Die drei Kammerpräsidenten, die gesamt mehr als 100.000 Unternehmen vertreten, sprechen sich bei ihrem Treffen in Innsbruck für die Verlagerung der Kontrollen, der sog. Hot-Spots, in den Süden Italiens aus. Die Einschränkung des freien Personen- und des freien Warenaustausches durch die Kontrollen am Brenner würde die Wirtschaft und die Bevölkerung erheblich beeinträchtigen und wäre ein großer Rückschritt für die gesamte Europaregion. „Deshalb müssen wir die Kontrollen weiter in den Süden verlagern, damit es nur zu kleinen Beeinträchtigungen kommt“, sagt WK-Präsident Jürgen Bodenseer.

Giovanni Bort, Präsident der Handelskammer Trient erklärt: „Es bringt nichts, sich hinter dem Vorwand der Diplomatie zu verstecken. Die Entscheidung aus Wien ist sehr besorgniserregend und untergräbt in Zeiten der Not eines der grundlegenden Prinzipien, das der europäischen Einigung zugrunde liegt: den freien Waren- und Personenverkehr. Diesen in Frage zu stellen oder einzuschränken, geht mit dem Risiko einher, die bisherige Dynamik zu unterbinden und die Erholung der Wirtschaft des alten Kontinents weiter einzudämmen“.
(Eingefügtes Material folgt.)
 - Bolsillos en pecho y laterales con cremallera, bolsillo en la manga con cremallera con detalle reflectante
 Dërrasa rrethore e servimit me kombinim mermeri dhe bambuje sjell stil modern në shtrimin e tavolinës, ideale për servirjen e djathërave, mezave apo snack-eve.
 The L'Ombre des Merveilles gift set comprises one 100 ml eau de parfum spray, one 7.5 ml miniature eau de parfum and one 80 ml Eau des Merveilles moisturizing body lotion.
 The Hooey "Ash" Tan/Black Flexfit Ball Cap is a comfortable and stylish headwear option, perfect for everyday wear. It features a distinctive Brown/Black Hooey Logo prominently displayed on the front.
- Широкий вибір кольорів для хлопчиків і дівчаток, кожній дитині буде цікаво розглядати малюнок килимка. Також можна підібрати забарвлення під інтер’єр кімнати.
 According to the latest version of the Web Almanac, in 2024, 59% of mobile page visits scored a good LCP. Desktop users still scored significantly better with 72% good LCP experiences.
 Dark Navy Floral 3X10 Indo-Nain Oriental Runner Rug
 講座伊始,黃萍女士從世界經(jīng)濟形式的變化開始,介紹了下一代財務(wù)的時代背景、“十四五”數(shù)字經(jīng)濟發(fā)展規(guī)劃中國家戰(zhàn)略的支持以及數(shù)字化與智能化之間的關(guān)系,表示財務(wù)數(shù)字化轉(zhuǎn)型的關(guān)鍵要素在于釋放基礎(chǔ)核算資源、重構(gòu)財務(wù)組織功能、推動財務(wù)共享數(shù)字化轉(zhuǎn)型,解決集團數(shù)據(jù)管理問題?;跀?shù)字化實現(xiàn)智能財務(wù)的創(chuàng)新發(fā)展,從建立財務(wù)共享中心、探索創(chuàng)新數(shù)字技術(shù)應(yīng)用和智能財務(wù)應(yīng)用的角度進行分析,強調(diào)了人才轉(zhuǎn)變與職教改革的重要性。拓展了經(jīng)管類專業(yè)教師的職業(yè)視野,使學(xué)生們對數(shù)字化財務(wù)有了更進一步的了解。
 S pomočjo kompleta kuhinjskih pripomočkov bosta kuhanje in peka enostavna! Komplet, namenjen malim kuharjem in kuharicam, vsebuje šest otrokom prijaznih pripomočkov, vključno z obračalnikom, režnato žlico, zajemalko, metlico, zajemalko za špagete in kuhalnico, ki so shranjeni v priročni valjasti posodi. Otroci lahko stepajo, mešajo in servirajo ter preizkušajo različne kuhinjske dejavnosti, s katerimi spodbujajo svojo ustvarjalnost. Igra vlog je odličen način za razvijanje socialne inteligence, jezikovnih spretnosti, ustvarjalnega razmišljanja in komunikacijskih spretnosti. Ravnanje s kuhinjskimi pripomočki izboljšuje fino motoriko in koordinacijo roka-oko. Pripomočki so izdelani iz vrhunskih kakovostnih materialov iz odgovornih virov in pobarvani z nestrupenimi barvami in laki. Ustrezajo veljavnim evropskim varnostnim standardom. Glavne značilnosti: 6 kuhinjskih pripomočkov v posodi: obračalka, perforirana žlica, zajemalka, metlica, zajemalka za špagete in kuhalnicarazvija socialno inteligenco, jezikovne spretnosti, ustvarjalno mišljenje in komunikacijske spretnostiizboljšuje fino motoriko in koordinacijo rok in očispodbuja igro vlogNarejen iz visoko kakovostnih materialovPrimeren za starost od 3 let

Weiters werden große Nachteile für den Tourismus und die einheimische Bevölkerung erwartet, wenn der freie Personenverkehr eingeschränkt werde. Handelskammerpräsident Michl Ebner dazu: „Es müssen geeignete Lösungen für die touristische Hauptsaison gefunden werden. Die Wartezeiten müssen so gering wie möglich gehalten werden, um Unannehmlichkeiten für die Reisenden zu vermeiden. Es kann zum Beispiel mehr Personal für die vorgelagerten Kontrollen am Brenner eingesetzt werden.“ Präsident Ebner schlägt außerdem vor, das ehemalige Zollgelände Sadobre bei Sterzing für die Lkw-Kontrollen und die Flächen nach der Mautstation in Sterzing für die Pkw-Kontrollen zu nutzen. „Wenn man dazu noch die Zufahrt auf die A22 bei Brennerbad schließt, hätte man einen geschlossenen und gesicherten Autobahn-Korridor von Sterzing bis zum Brenner“, schlägt Ebner vor.